## [STORED DATA]
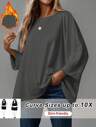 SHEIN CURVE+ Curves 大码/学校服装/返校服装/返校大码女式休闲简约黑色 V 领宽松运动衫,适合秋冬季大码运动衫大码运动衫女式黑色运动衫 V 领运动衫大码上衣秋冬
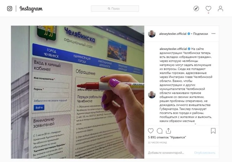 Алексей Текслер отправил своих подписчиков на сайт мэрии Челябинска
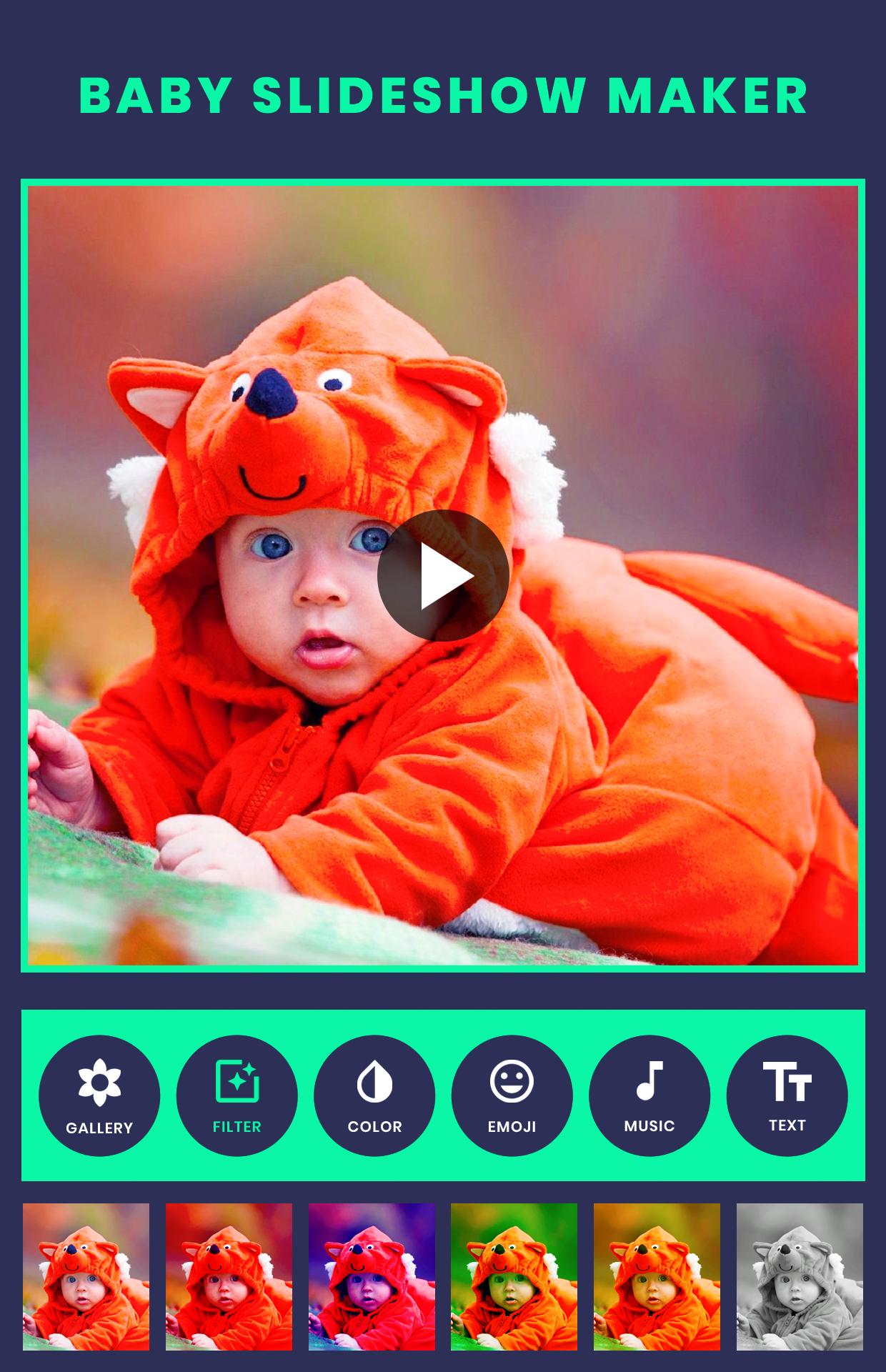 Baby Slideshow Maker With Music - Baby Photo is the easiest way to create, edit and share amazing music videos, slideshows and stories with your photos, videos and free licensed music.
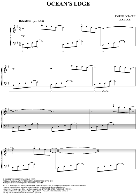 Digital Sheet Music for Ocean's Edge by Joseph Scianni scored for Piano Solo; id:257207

## [WHAT NEEDS TO BE DONE]
Restrict the output to the lines from the one with "Baby Slideshow Maker" through the last line of the material above. Print them exactly, leaving out every picture.

## [ANSWER TO THE EXERCISE]
 Baby Slideshow Maker With Music - Baby Photo is the easiest way to create, edit and share amazing music videos, slideshows and stories with your photos, videos and free licensed music.
 Digital Sheet Music for Ocean's Edge by Joseph Scianni scored for Piano Solo; id:257207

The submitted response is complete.